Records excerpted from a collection
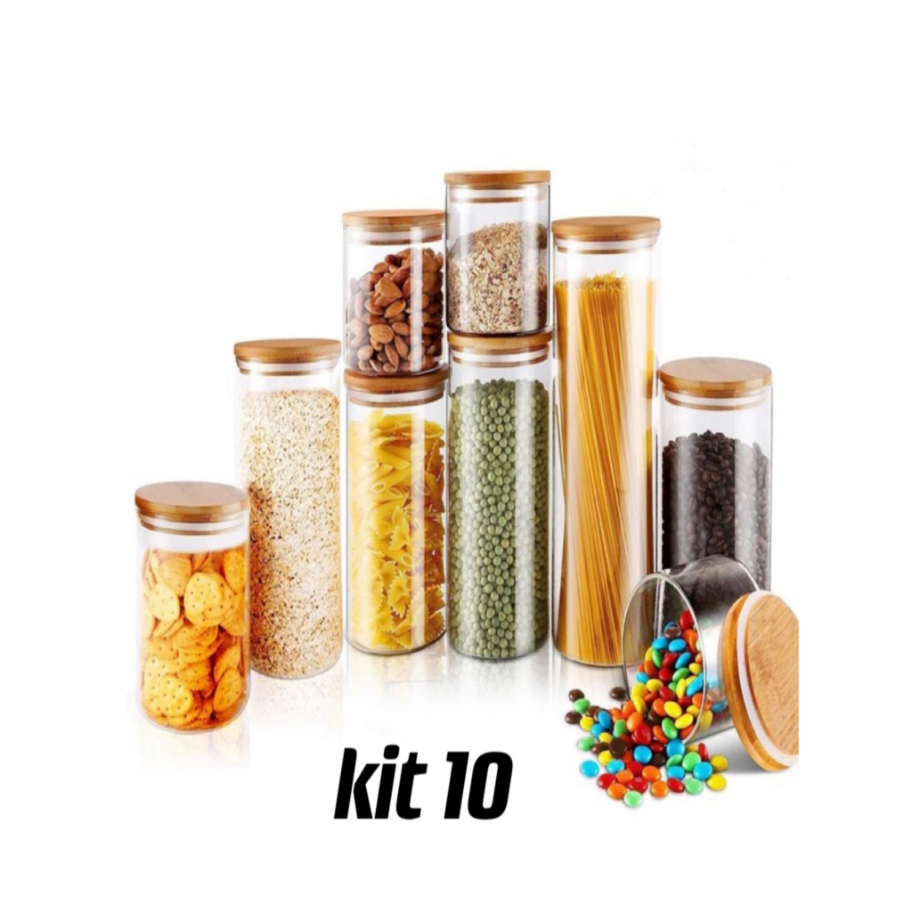 Kit 10 Potes vidro hermético para mantimentos tampa bambu 200 ml 250ml 300 ml 400 ml 500 ml 650 ml 800 ml 1000ml 1400 ml 1750 ml
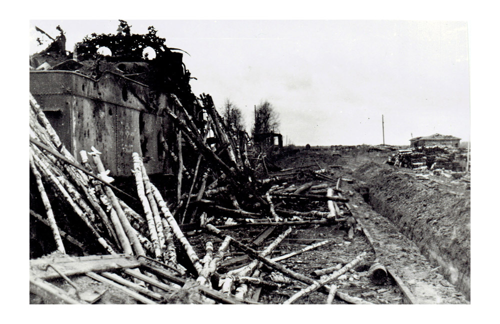 (Photographie)A 9.5cm x 6cm, black and white photograph. Looks like it was hit with an artillery or air strike.
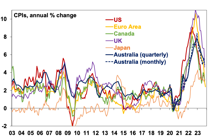 Disinflation. Inflation across major countries has fallen sharply from peaks of 8 to 11% last year to around 2 to 5%. Australia lagged on the way up and is doing the same on the way down, but it’s falling too.
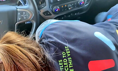 Mischievous big-chested stepmom gives risky public blowjob, jizz
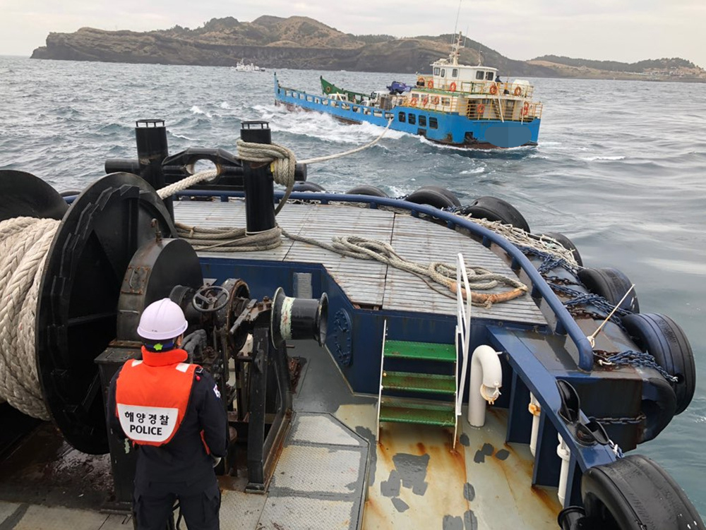 해경 관계자는 서귀포신문과의 통화에서 “해수가 갑판 위로 침투하는 것을 방지하기 위해 배위 뒷쪽 방향으로 로프를 매고 예인했다”라고 말했다.
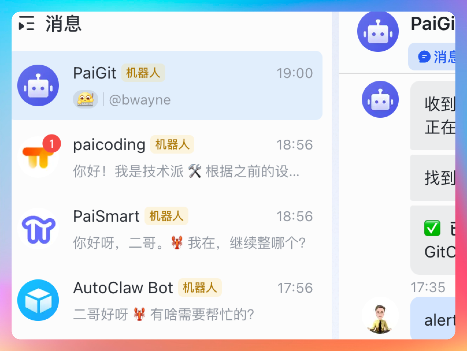 这套设计的好处很直接。很多原本容易搅在一起的东西,被它硬生生拆开了。一个 Agent 负责 coding,一个 Agent 负责飞书群消息,一个 Agent 负责日常提醒,一个 Agent 负责内容整理。每个 Agent 都有自己的工作区、自己的渠道绑定、自己的路由规则、自己的历史会话。系统会清爽很多,排查问题也容易。

WHAT TO PRODUCE
Go through the entries above and output them exactly, without pictures.

RESULT FOR THIS EXERCISE
 Kit 10 Potes vidro hermético para mantimentos tampa bambu 200 ml 250ml 300 ml 400 ml 500 ml 650 ml 800 ml 1000ml 1400 ml 1750 ml
 (Photographie)A 9.5cm x 6cm, black and white photograph. Looks like it was hit with an artillery or air strike.
 Disinflation. Inflation across major countries has fallen sharply from peaks of 8 to 11% last year to around 2 to 5%. Australia lagged on the way up and is doing the same on the way down, but it’s falling too.
 Mischievous big-chested stepmom gives risky public blowjob, jizz
 해경 관계자는 서귀포신문과의 통화에서 “해수가 갑판 위로 침투하는 것을 방지하기 위해 배위 뒷쪽 방향으로 로프를 매고 예인했다”라고 말했다.
 这套设计的好处很直接。很多原本容易搅在一起的东西,被它硬生生拆开了。一个 Agent 负责 coding,一个 Agent 负责飞书群消息,一个 Agent 负责日常提醒,一个 Agent 负责内容整理。每个 Agent 都有自己的工作区、自己的渠道绑定、自己的路由规则、自己的历史会话。系统会清爽很多,排查问题也容易。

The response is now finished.